You can use the .na functions for missing data. The drop command has the following parameters:

    df.na.drop(how='any', thresh=None, subset=None)
    
    * param how: 'any' or 'all'.
    
        If 'any', drop a row if it contains any nulls.
        If 'all', drop a row only if all its values are null.
    
    * param thresh: int, default None
    
        If specified, drop rows that have less than `thresh` non-null values.
        This overwrites the `how` parameter.
        
    * param subset: 
        optional list of column names to consider.

In [15]:
type(df[1])

pyspark.sql.column.Column

In [42]:
# Drop any row that contains missing data
df.na.drop().show()

+----+-----+-----+
|  Id| Name|Sales|
+----+-----+-----+
|emp4|Cindy|456.0|
+----+-----+-----+



In [43]:
# Has to have at least 2 NON-null values
df.na.drop(thresh=2).show()

+----+-----+-----+
|  Id| Name|Sales|
+----+-----+-----+
|emp1| John| null|
|emp3| null|345.0|
|emp4|Cindy|456.0|
+----+-----+-----+



In [21]:
df.na.drop(how='any').show()

+----+-----+-----+
|  Id| Name|Sales|
+----+-----+-----+
|emp4|Cindy|456.0|
+----+-----+-----+



In [22]:
df.na.drop(how='all').show()

+----+-----+-----+
|  Id| Name|Sales|
+----+-----+-----+
|emp1| John| null|
|emp2| null| null|
|emp3| null|345.0|
|emp4|Cindy|456.0|
+----+-----+-----+



In [23]:
df.na.drop(subset=['Sales']).show()

+----+-----+-----+
|  Id| Name|Sales|
+----+-----+-----+
|emp3| null|345.0|
|emp4|Cindy|456.0|
+----+-----+-----+



In [24]:
df.printSchema()

root
 |-- Id: string (nullable = true)
 |-- Name: string (nullable = true)
 |-- Sales: double (nullable = true)



## Fill the missing values

We can also fill the missing values with new values.

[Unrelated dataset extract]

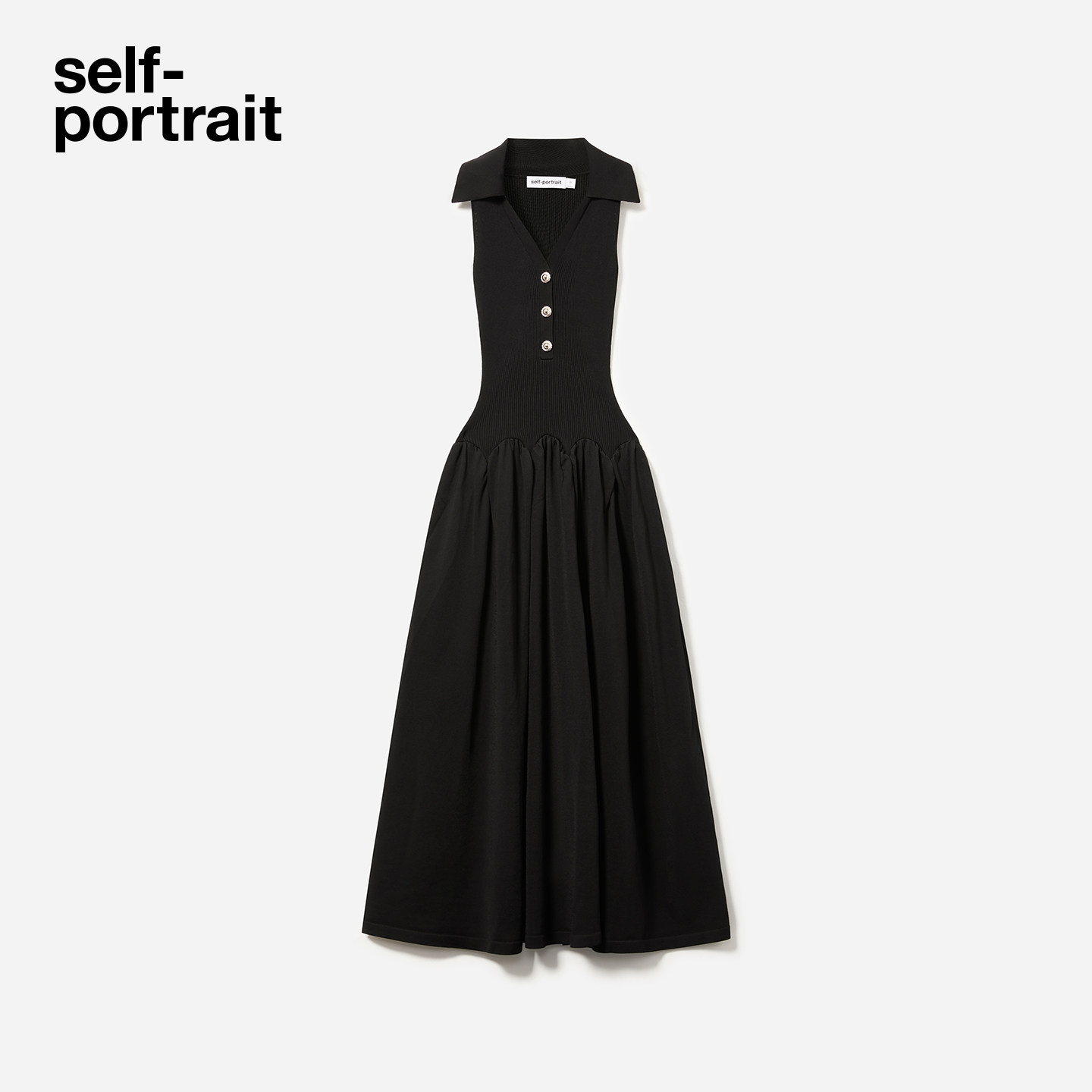 黑气质翻领无袖 self 经典 2025秋冬新款 针织连衣裙 portrait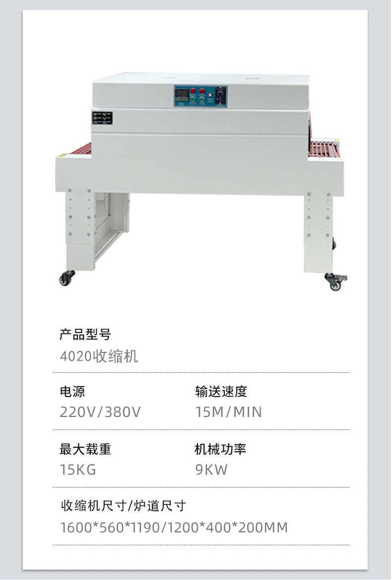 - 部分設(shè)備在收縮爐出口設(shè) “冷卻定型區(qū)”,通過(guò)冷風(fēng)快速降溫,避免膜因余熱回彈,確保包裝形態(tài)穩(wěn)定;

If you have multiple nulls across multiple data types, Spark is actually smart enough to match up the data types. For example:

In [26]:
df.na.fill('FILL VALUE').show()

+----+----------+-----+
|  Id|      Name|Sales|
+----+----------+-----+
|emp1|      John| null|
|emp2|FILL VALUE| null|
|emp3|FILL VALUE|345.0|
|emp4|     Cindy|456.0|
+----+----------+-----+



In [27]:
df.na.fill(0).show()

+----+-----+-----+
|  Id| Name|Sales|
+----+-----+-----+
|emp1| John|  0.0|
|emp2| null|  0.0|
|emp3| null|345.0|
|emp4|Cindy|456.0|
+----+-----+-----+



Usually you should specify what columns you want to fill with the subset parameter

In [28]:
df.na.fill('No Name', subset=['Name']).show()

+----+-------+-----+
|  Id|   Name|Sales|
+----+-------+-----+
|emp1|   John| null|
|emp2|No Name| null|
|emp3|No Name|345.0|
|emp4|  Cindy|456.0|
+----+-------+-----+



A very common practice is to fill values with the mean value for the column, for example:

In [30]:
from pyspark.sql.functions import mean

In [33]:
df.select(mean(df['Sales'])).show()

+----------+
|avg(Sales)|
+----------+
|     400.5|
+----------+



In [34]:
mean_val = df.select(mean(df['Sales'])).collect()

In [35]:
mean_val

[Row(avg(Sales)=400.5)]

In [36]:
mean_val[0]

Row(avg(Sales)=400.5)

In [45]:
# Weird nested formatting of Row object!
mean_val[0][0]

400.5

In [38]:
mean_sales = mean_val[0][0]

In [39]:
df.na.fill(mean_sales, subset=['Sales']).show()

+----+-----+-----+
|  Id| Name|Sales|
+----+-----+-----+
|emp1| John|400.5|
|emp2| null|400.5|
|emp3| null|345.0|
|emp4|Cindy|456.0|
+----+-----+-----+



In [46]:
# One (very ugly) one-liner
df.na.fill(df.select(mean(df['Sales'])).collect()[0][0], subset=['Sales']).show()

+----+-----+-----+
|  Id| Name|Sales|
+----+-----+-----+
|emp1| John|400.5|
|emp2| null|400.5|
|emp3| null|345.0|
|emp4|Cindy|456.0|
+----+-----+-----+